### TASK TO CARRY OUT
Begin your copy at the line with "Dichroic Fused-Glass Silver" in the records below and end it at the line with "Title (ebay affiliate", restating each line word for word; omit the pictures.
BEGIN THE DATA
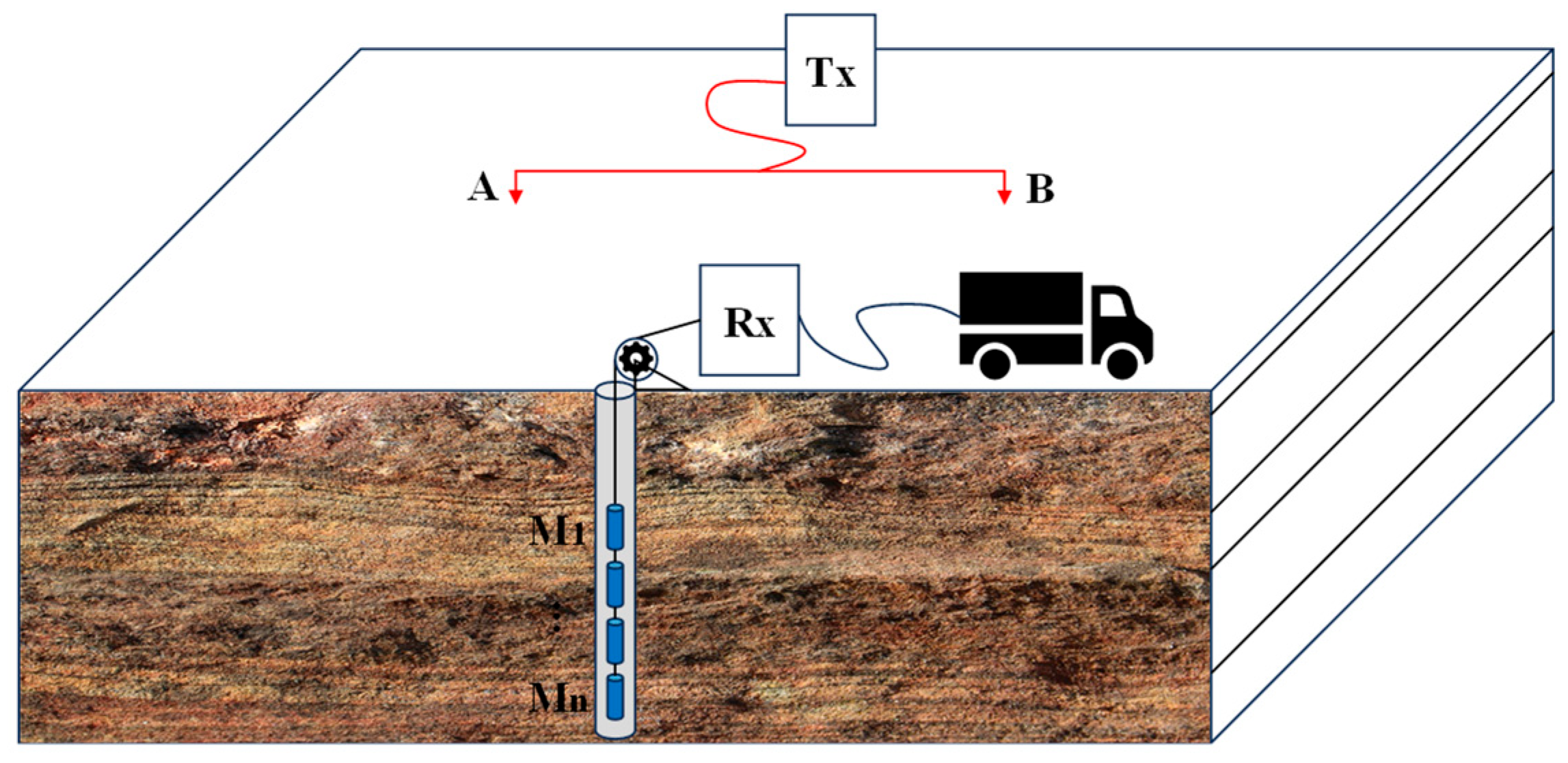 - Li, H.J.; Mao, Y.R.; Wang, X.Y.; Yan, L.J.; Zhou, L. Surface-borehole transient electromagnetic responses in 3D anisotropic media. Oil Geophys. Prospect. 2024, 59, 1184–1196. [Google Scholar]
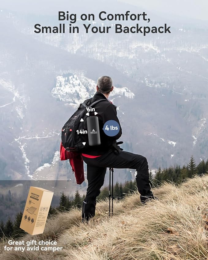 - Big on Comfort, Small in Your Backpack : Perfect for camping, hiking, backpacking, this sleeping pad is ready for anything. With a built-in ergonomic pillow contours to your neck, this pad will providing a bed-like comfort, so you can enjoy more time outdoor with family and friends.
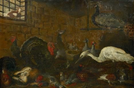 Dindons, paons, hérons, pintades, faisans, poules et coqs
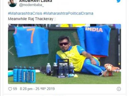 देवेंद्र फडणवीस यांचे सरकार पडल्यावर यु़जवेंद्रचा एक फोटो वायरल झाला आहे. हा फोटो लंडनमध्ये झालेल्या विश्वचषकातील आहे. या विश्वचषकातील एका सामन्यात युजवेंद्र संघाबाहेर होता आणि संघाला ड्रिंक्स देण्याचे काम तो करत होता. पाणक्याची भूमिका बजावता असताना युजवेंद्रचा एक रीलॅक्स फोटो आता वायरल झाला आहे आणि या फोटोमध्ये युजवेंद्रची तुलना राज ठाकरे यांच्याशी केली आहे.
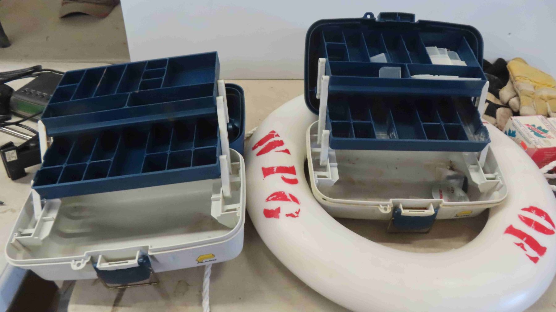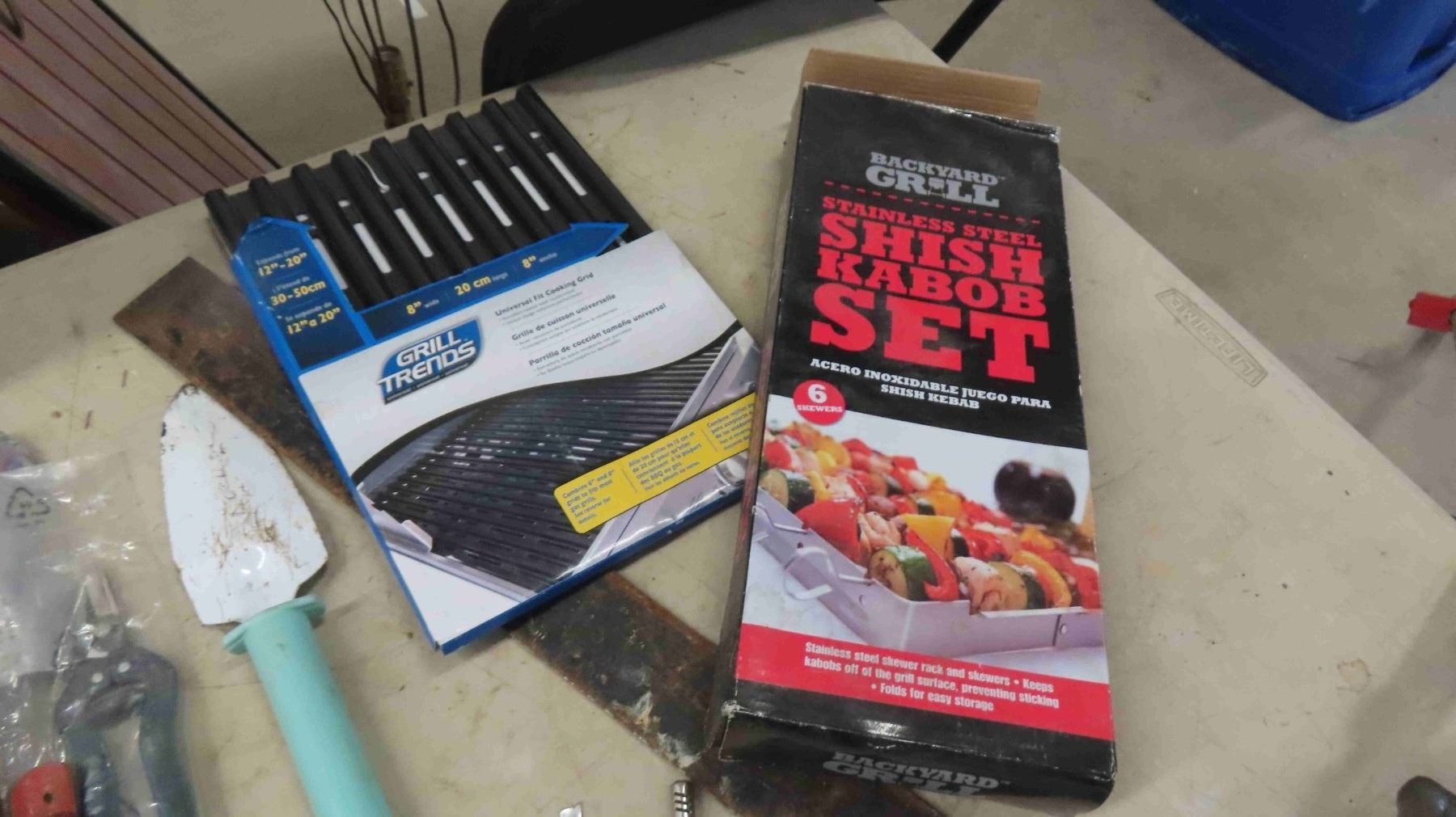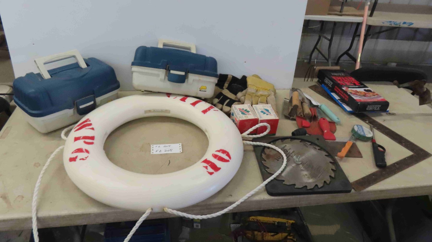 Life Preserver, Garden Tools, 10" Saw Blade, Square, New Old Stock ; BBQ Grill, Kabob Set, Tackle Boxes
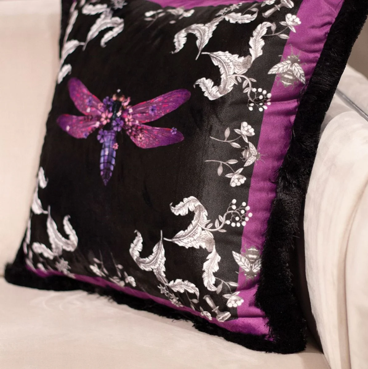 Casa Padrino cojín decorativa de lujo libélula y flores púrpura / gris / negro 45 x 45 cm - Almohada de terciopelo estampado con flecos - Accesorios decorativos de lujo
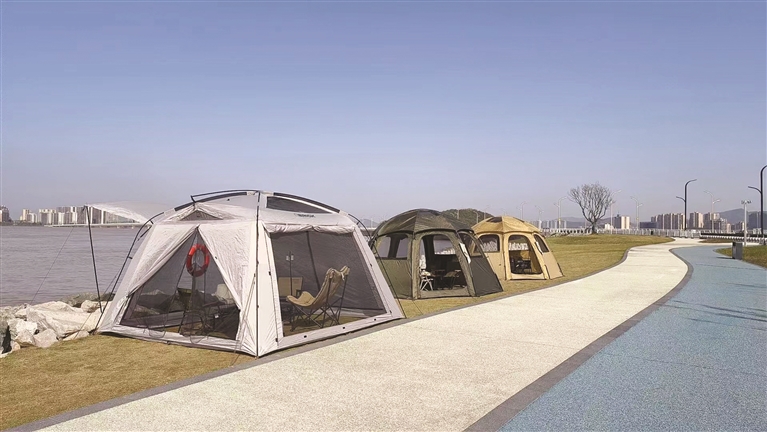 最近这两个月,每到天气好的周末,新城小干岛海边的帐篷就是城市一道靓丽的风景线,大家坐在帐篷里享受着愉快的露营时光。
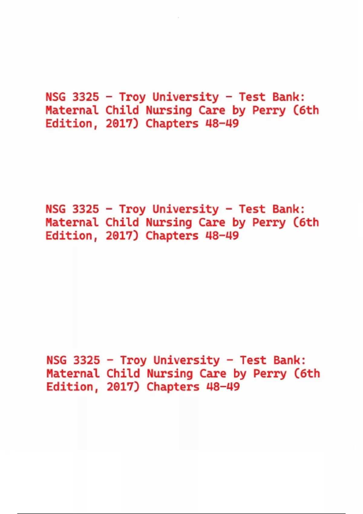 NSG 3325 - Troy University - Test Bank: Maternal Child Nursing Care by Perry (6th Edition, 2017) Chapters 48-49
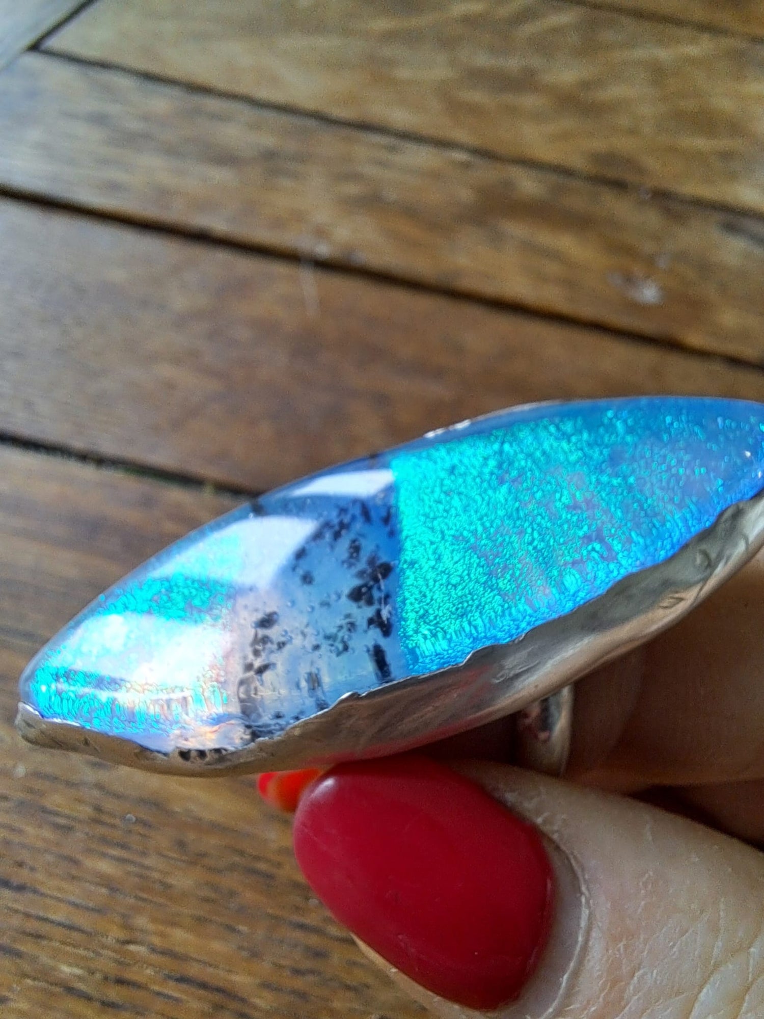 Dichroic Fused-Glass Silver Ring - Blue/Black
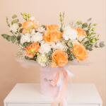 Гипсофила - 1 дана Лизиантус - 2 дана Эвкалипт - 2 дана Раушан - 7 дана Бұталы хризантема - 3 дана Гвоздика - 5 дана Қорап - 1 дана
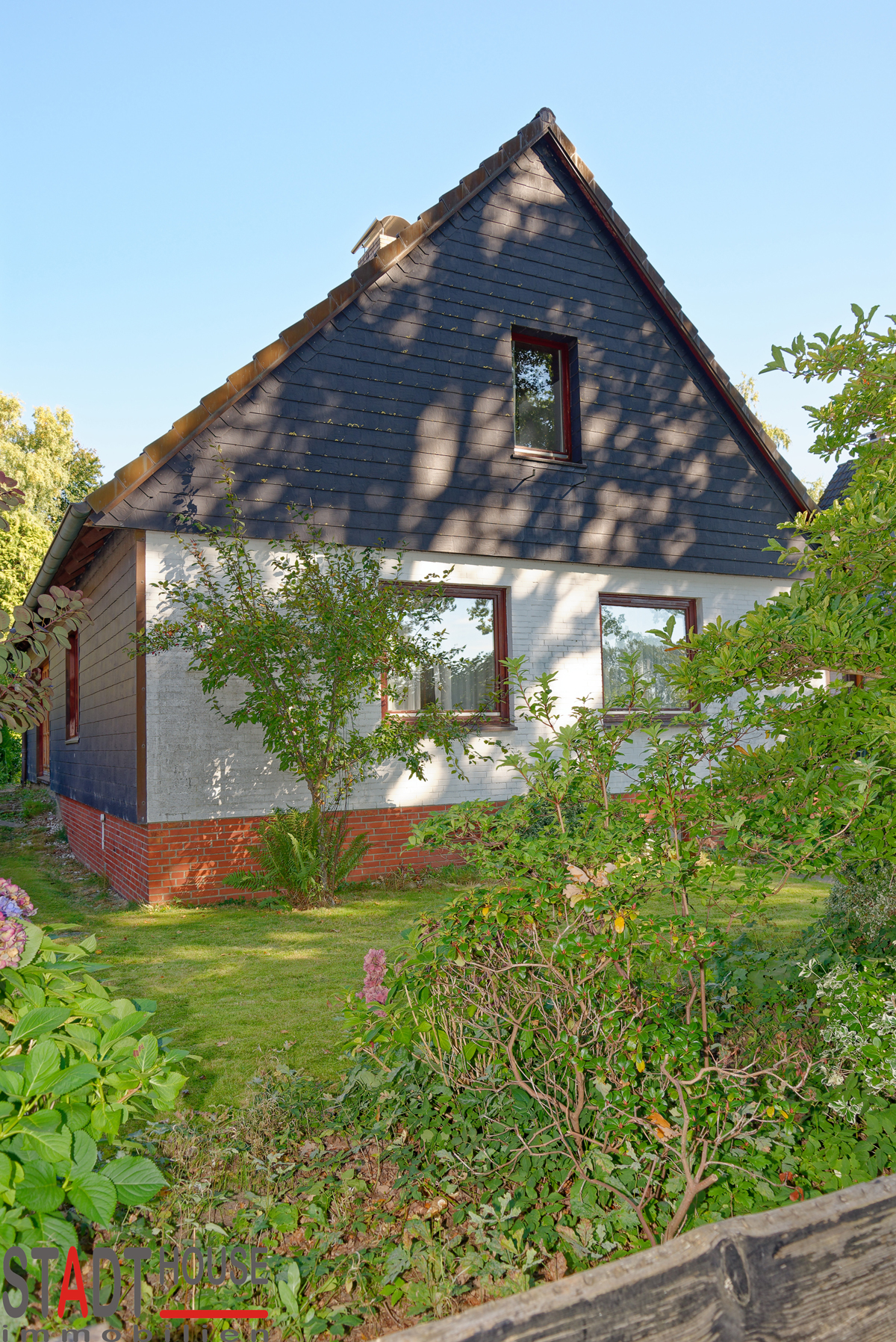 Das angebotene Einfamilienhaus wurde 1967, in massiver Bauweise mit einem Satteldach und Teilkeller erstellt. In späteren Jahren wurde der straßenseitige Giebel im oberen Bereich sowie die beiden Längsseiten des Gebäudes, als Wetter- und Wärmeschutz, mit einer hinterlüfteten Verschieferung verkleidet. Das Haus präsentiert sich in einem gepflegten, dem Baualter entsprechenden Zustand. Pläne für die Erweiterung des Hauses mit einem Anbau von 5,5 m x 8,35 m liegen vor. Das ca. 1.107 m² große Grundstück ist pflegeleicht, mit einer Einfriedung aus Zäunen und Hecken, zahlreichen Büschen und Blühpflanzen, einer Rasenfläche und einer Terrasse, angelegt. Am Ende der Grundstückszufahrt befindet sich eine massiv erstelle Garage mit einem Wellasbestdach.
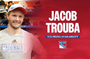 Le capitaine des Rangers de New York, Jacob Trouba, répond aux questions des médias après la deuxième journée du camp…
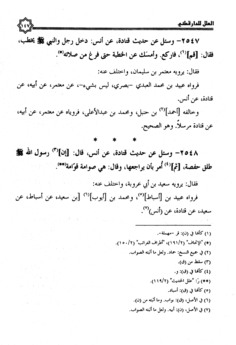 2548- وسئل عن حديث قتادة، عن أنس، قال: أن رسول الله صلى الله عليه وسلم طلق حفصة، ثم أمر بأن يراجعها، وقال: هي صوامة قوامة.
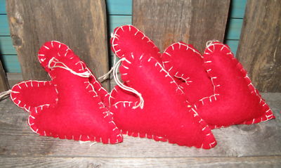 Title (ebay affiliate link): Primitive Handmade Felt RED Heart Ornaments Ornies SET 6 OOAK Bowl Fillers
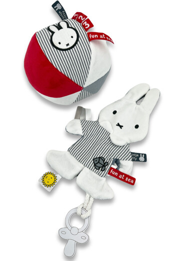 Nijntje Fun At Sea BalNijntje bal gemaakt van zachte materialen, in grijs met wit gestreepte uitvoering uit de Fun at Sea collectie. Beschikt over een rammeltje en verschillende afbeeldingen.
END THE DATA
### ANSWER SPACE
 Dichroic Fused-Glass Silver Ring - Blue/Black
 Гипсофила - 1 дана Лизиантус - 2 дана Эвкалипт - 2 дана Раушан - 7 дана Бұталы хризантема - 3 дана Гвоздика - 5 дана Қорап - 1 дана
 Das angebotene Einfamilienhaus wurde 1967, in massiver Bauweise mit einem Satteldach und Teilkeller erstellt. In späteren Jahren wurde der straßenseitige Giebel im oberen Bereich sowie die beiden Längsseiten des Gebäudes, als Wetter- und Wärmeschutz, mit einer hinterlüfteten Verschieferung verkleidet. Das Haus präsentiert sich in einem gepflegten, dem Baualter entsprechenden Zustand. Pläne für die Erweiterung des Hauses mit einem Anbau von 5,5 m x 8,35 m liegen vor. Das ca. 1.107 m² große Grundstück ist pflegeleicht, mit einer Einfriedung aus Zäunen und Hecken, zahlreichen Büschen und Blühpflanzen, einer Rasenfläche und einer Terrasse, angelegt. Am Ende der Grundstückszufahrt befindet sich eine massiv erstelle Garage mit einem Wellasbestdach.
 Le capitaine des Rangers de New York, Jacob Trouba, répond aux questions des médias après la deuxième journée du camp…
 2548- وسئل عن حديث قتادة، عن أنس، قال: أن رسول الله صلى الله عليه وسلم طلق حفصة، ثم أمر بأن يراجعها، وقال: هي صوامة قوامة.
 Title (ebay affiliate link): Primitive Handmade Felt RED Heart Ornaments Ornies SET 6 OOAK Bowl Fillers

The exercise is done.